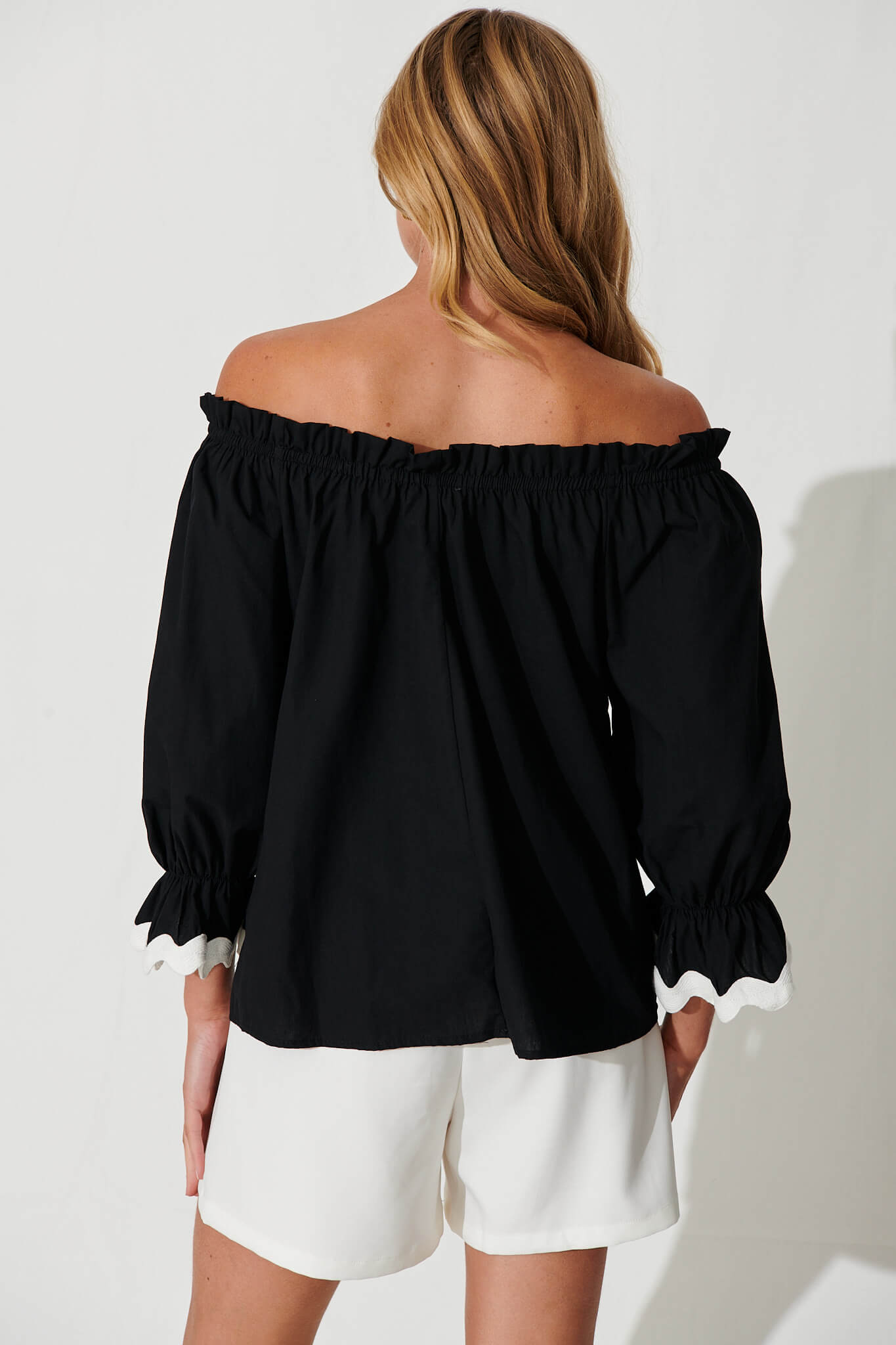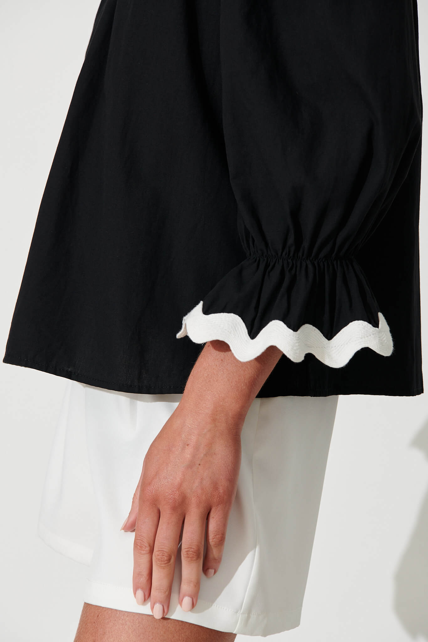 Imani Top In Black With White Ric Rac Trim Cotton
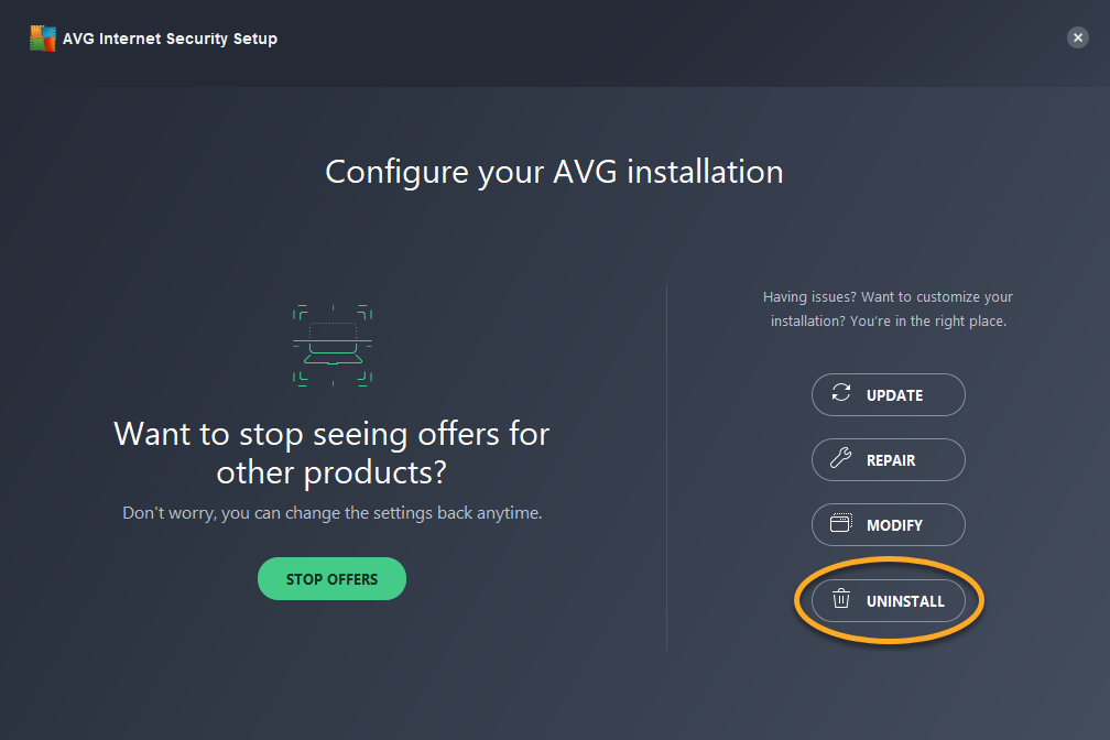 - Click Uninstall in the AVG Setup wizard.
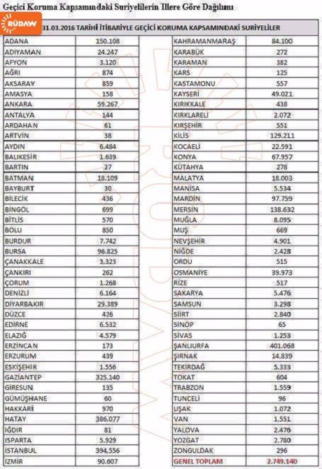 Belgeyeka fermî ya hikûmeta Tirkiyê ketiye destê Rûdawê ku tê de hejmara koçberên Sûrî yên li Tirkiyê hatiye nivîsandin her wiha li her bajarekî çend koçber bicîh bûne, nîşan dide.
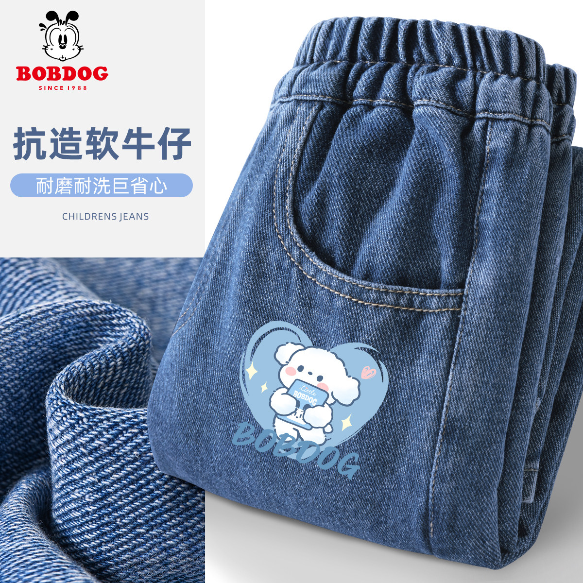 巴布豆女童裤子春秋新款牛仔裤女孩衣服秋季潮流直筒长裤儿童秋装

----------------------------------------

Instructions for the task -
The listing above should be repeated word for word, pictures removed.

Answer to the problem -
 Imani Top In Black With White Ric Rac Trim Cotton
 - Click Uninstall in the AVG Setup wizard.
 Belgeyeka fermî ya hikûmeta Tirkiyê ketiye destê Rûdawê ku tê de hejmara koçberên Sûrî yên li Tirkiyê hatiye nivîsandin her wiha li her bajarekî çend koçber bicîh bûne, nîşan dide.
 巴布豆女童裤子春秋新款牛仔裤女孩衣服秋季潮流直筒长裤儿童秋装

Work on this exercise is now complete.